* _MATERIAL SHOWN_:
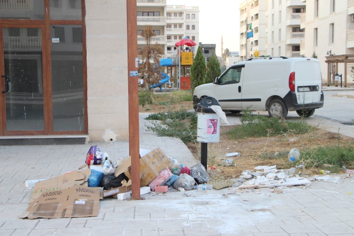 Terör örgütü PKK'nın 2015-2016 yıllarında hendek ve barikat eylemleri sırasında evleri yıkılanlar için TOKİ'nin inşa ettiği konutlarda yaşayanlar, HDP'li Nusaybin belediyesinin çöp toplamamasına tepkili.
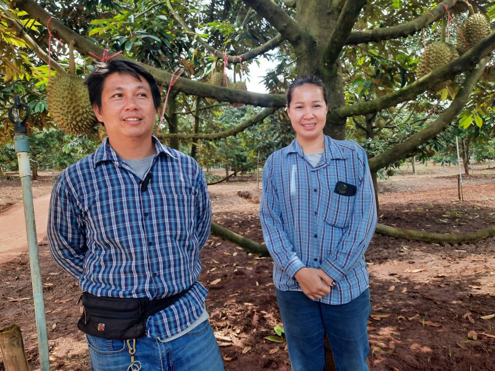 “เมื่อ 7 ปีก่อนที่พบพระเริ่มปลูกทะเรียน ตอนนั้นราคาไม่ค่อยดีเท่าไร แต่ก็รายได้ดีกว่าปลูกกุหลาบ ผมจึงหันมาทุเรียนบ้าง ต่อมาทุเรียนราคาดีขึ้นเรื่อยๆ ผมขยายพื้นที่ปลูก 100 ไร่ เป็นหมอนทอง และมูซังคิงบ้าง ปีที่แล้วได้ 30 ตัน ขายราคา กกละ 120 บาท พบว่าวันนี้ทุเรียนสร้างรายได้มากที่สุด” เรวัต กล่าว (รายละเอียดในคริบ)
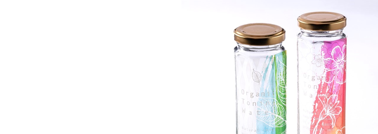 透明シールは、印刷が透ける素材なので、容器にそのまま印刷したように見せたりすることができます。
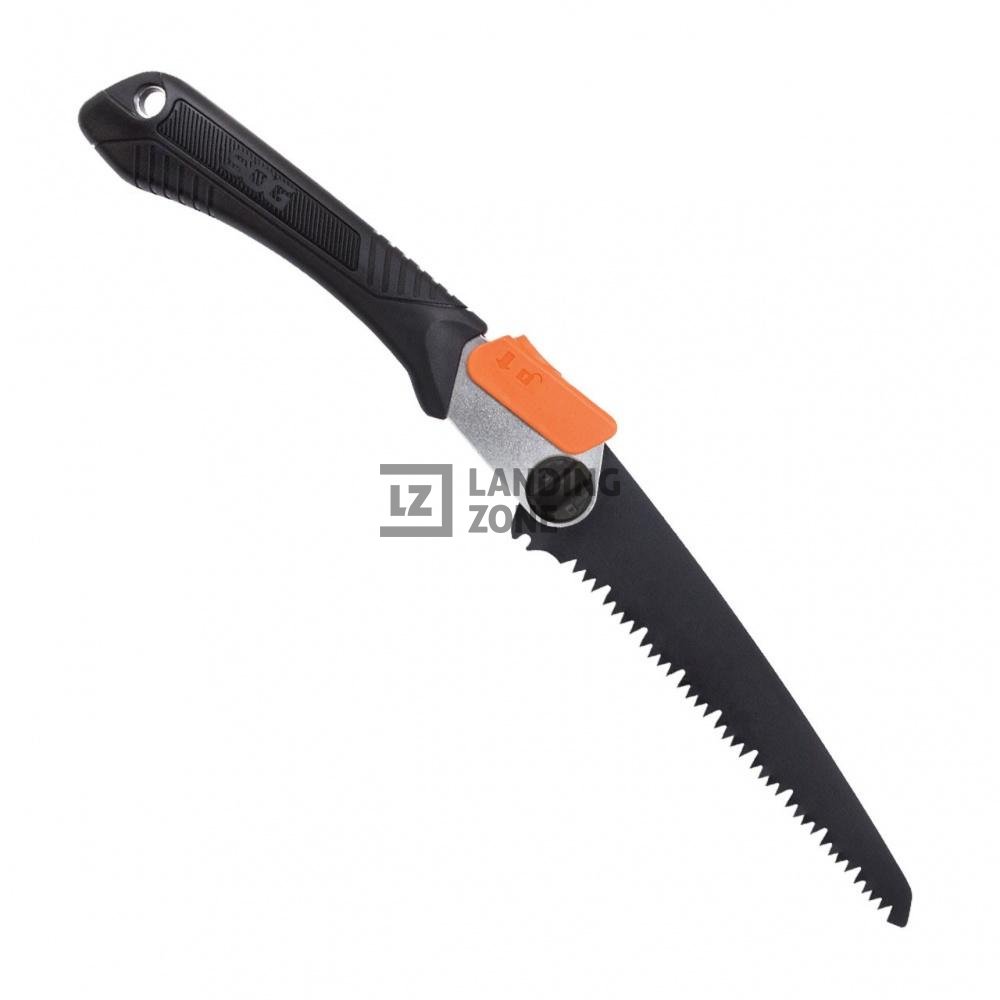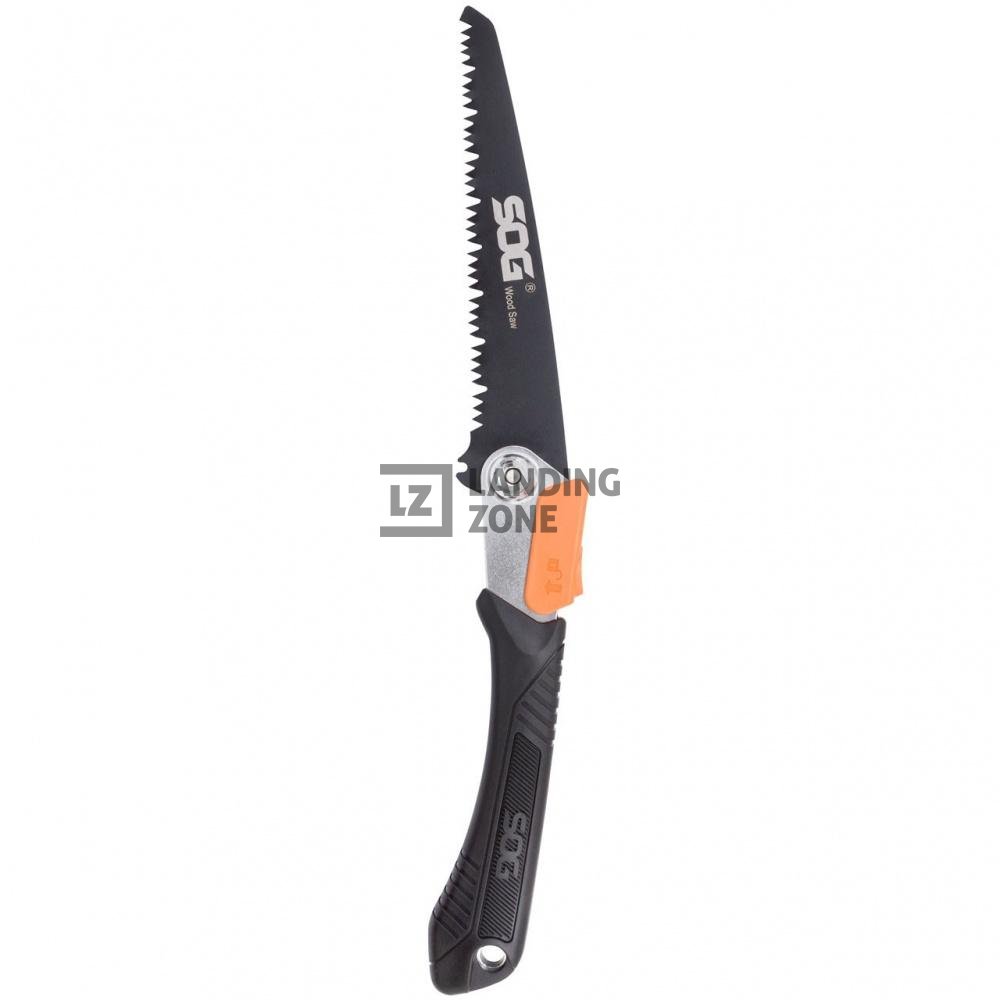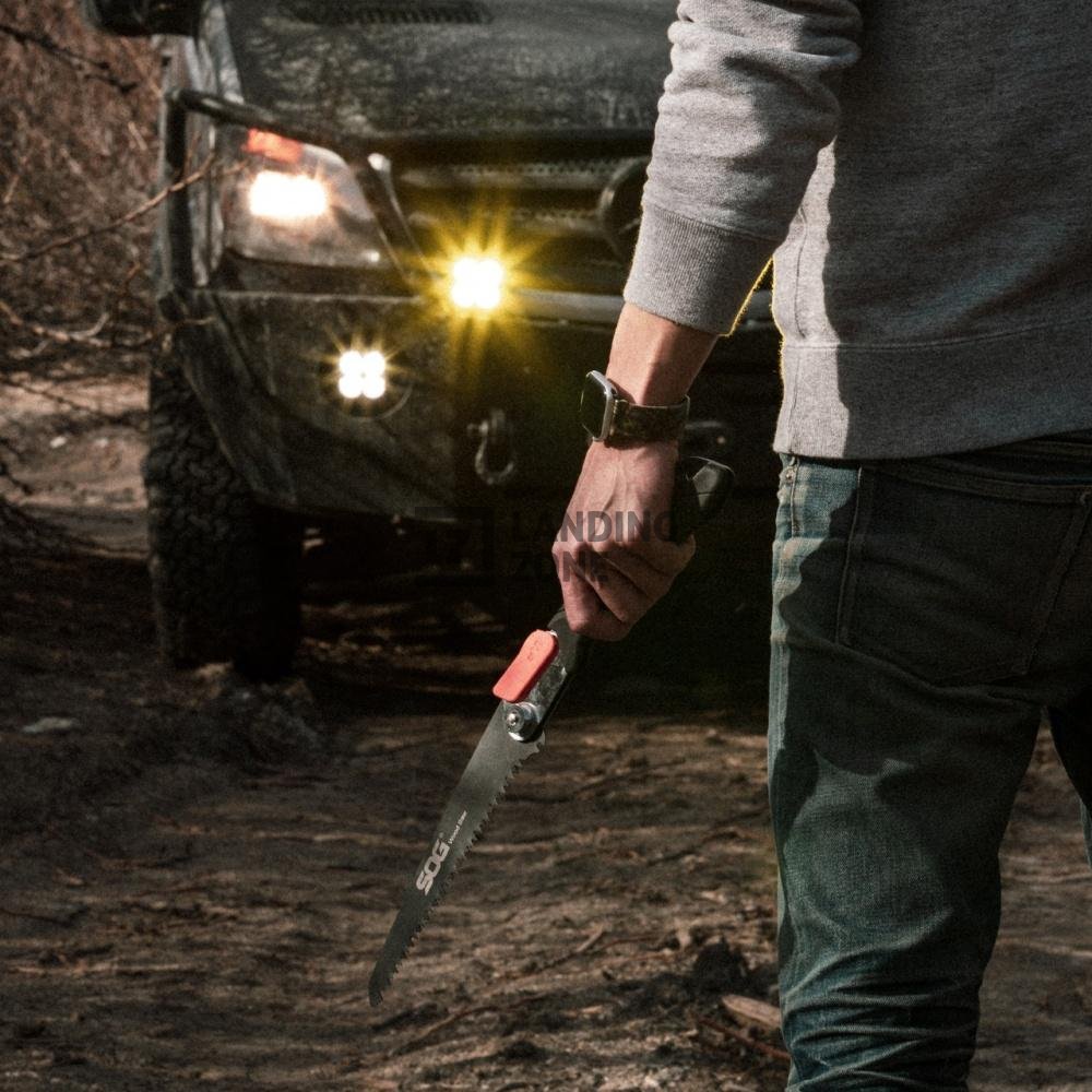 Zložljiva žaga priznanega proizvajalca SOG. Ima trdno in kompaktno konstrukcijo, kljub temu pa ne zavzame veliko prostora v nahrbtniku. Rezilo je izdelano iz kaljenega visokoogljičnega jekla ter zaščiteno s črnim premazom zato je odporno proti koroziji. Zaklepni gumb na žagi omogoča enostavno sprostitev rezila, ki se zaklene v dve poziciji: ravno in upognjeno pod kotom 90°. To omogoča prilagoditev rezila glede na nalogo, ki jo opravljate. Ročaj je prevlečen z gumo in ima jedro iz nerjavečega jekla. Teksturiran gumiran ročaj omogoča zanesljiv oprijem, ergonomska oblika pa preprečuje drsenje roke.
--
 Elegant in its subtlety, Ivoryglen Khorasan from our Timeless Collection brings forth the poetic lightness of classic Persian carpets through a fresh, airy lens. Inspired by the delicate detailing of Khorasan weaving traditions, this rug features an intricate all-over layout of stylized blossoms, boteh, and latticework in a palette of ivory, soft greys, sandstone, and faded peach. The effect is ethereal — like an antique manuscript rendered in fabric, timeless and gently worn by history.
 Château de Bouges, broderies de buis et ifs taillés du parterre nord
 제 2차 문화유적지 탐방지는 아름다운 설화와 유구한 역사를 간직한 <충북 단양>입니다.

* _WHAT THE TASK ASKS_:
Reproduce, exactly and only, the lines of the records above starting at the line with "Terör örgütü PKK'nın" and ending at the line with "Zložljiva žaga priznanega", both included. Leave every picture out.

* _SOLUTION_:
 Terör örgütü PKK'nın 2015-2016 yıllarında hendek ve barikat eylemleri sırasında evleri yıkılanlar için TOKİ'nin inşa ettiği konutlarda yaşayanlar, HDP'li Nusaybin belediyesinin çöp toplamamasına tepkili.
 “เมื่อ 7 ปีก่อนที่พบพระเริ่มปลูกทะเรียน ตอนนั้นราคาไม่ค่อยดีเท่าไร แต่ก็รายได้ดีกว่าปลูกกุหลาบ ผมจึงหันมาทุเรียนบ้าง ต่อมาทุเรียนราคาดีขึ้นเรื่อยๆ ผมขยายพื้นที่ปลูก 100 ไร่ เป็นหมอนทอง และมูซังคิงบ้าง ปีที่แล้วได้ 30 ตัน ขายราคา กกละ 120 บาท พบว่าวันนี้ทุเรียนสร้างรายได้มากที่สุด” เรวัต กล่าว (รายละเอียดในคริบ)
 透明シールは、印刷が透ける素材なので、容器にそのまま印刷したように見せたりすることができます。
 Zložljiva žaga priznanega proizvajalca SOG. Ima trdno in kompaktno konstrukcijo, kljub temu pa ne zavzame veliko prostora v nahrbtniku. Rezilo je izdelano iz kaljenega visokoogljičnega jekla ter zaščiteno s črnim premazom zato je odporno proti koroziji. Zaklepni gumb na žagi omogoča enostavno sprostitev rezila, ki se zaklene v dve poziciji: ravno in upognjeno pod kotom 90°. To omogoča prilagoditev rezila glede na nalogo, ki jo opravljate. Ročaj je prevlečen z gumo in ima jedro iz nerjavečega jekla. Teksturiran gumiran ročaj omogoča zanesljiv oprijem, ergonomska oblika pa preprečuje drsenje roke.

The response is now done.